安装 flash-attention (version v2.2.1):

cd ./third_party/flash-attention
python setup.py install
cd ./csrc
cd fused_dense_lib && pip install -v .
cd ../xentropy && pip install -v .
cd ../rotary && pip install -v .
cd ../layer_norm && pip install -v .
cd ../../../../

Install Apex (version 23.05):

cd ./third_party/apex
pip install -v --disable-pip-version-check --no-cache-dir --global-option="--cpp_ext" --global-option="--cuda_ext" ./
cd ../../

Environment Image

Users can use the provided dockerfile combined with docker.Makefile to build their own images, or obtain images with InternEvo runtime environment installed from https://hub.docker.com/r/internlm/internlm.

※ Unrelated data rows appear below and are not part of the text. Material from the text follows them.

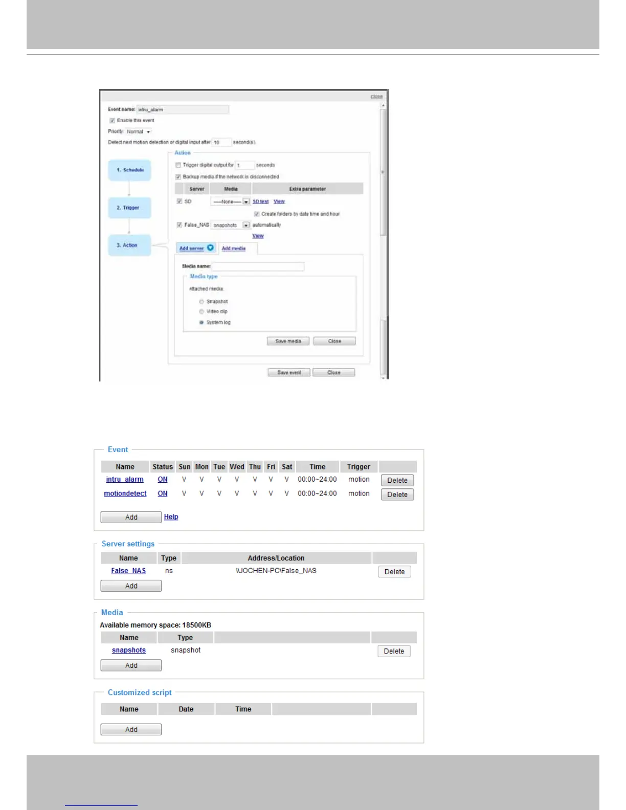 The following is an example of the Event setting page:
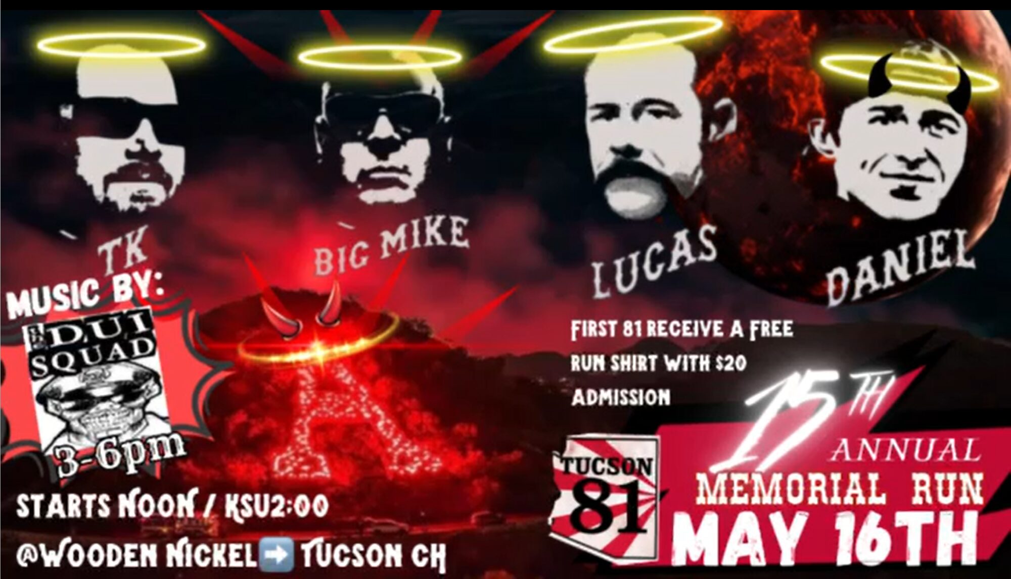 Next Meeting: Saturday, April 25th at Hells Angels MC Tucson – 2819 South 12th Avenue, Tucson at 11:00am
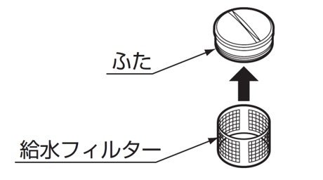 このフィルターがつまると、タンクの水のたまりに時間がかかったりします。その際はフィルターを取り外して掃除してください。
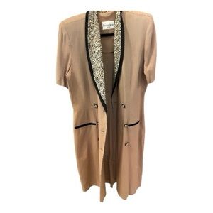 Vintage Danny & Nicole Double Breasted Zebra Print Collar Tan Dress.

Image Configuration and Build

The configuration and build of the Dockerfile are implemented through the docker.Makefile. To build the image, execute the following command in the root directory of InternEvo:

make -f docker.Makefile BASE_OS=centos7

In docker.Makefile, you can customize the basic image, environment version, etc., and the corresponding parameters can be passed directly through the command line. For BASE_OS, ubuntu20.04 and centos7 are respectively supported.

Pull Standard Image

The standard image based on ubuntu and centos has been built and can be directly pulled:

# ubuntu20.04
docker pull internlm/internlm:torch1.13.1-cuda11.7.1-flashatten1.0.5-ubuntu20.04
# centos7
docker pull internlm/internlm:torch1.13.1-cuda11.7.1-flashatten1.0.5-centos7

Run Container

For the local standard image built with dockerfile or pulled, use the following command to run and enter the container:

docker run --gpus all -it -m 500g --cap-add=SYS_PTRACE --cap-add=IPC_LOCK --shm-size 20g --network=host --name myinternlm internlm/internlm:torch1.13.1-cuda11.7.1-flashatten1.0.5-centos7 bash

The default directory in the container is /InternLM, please start training according to the Usage.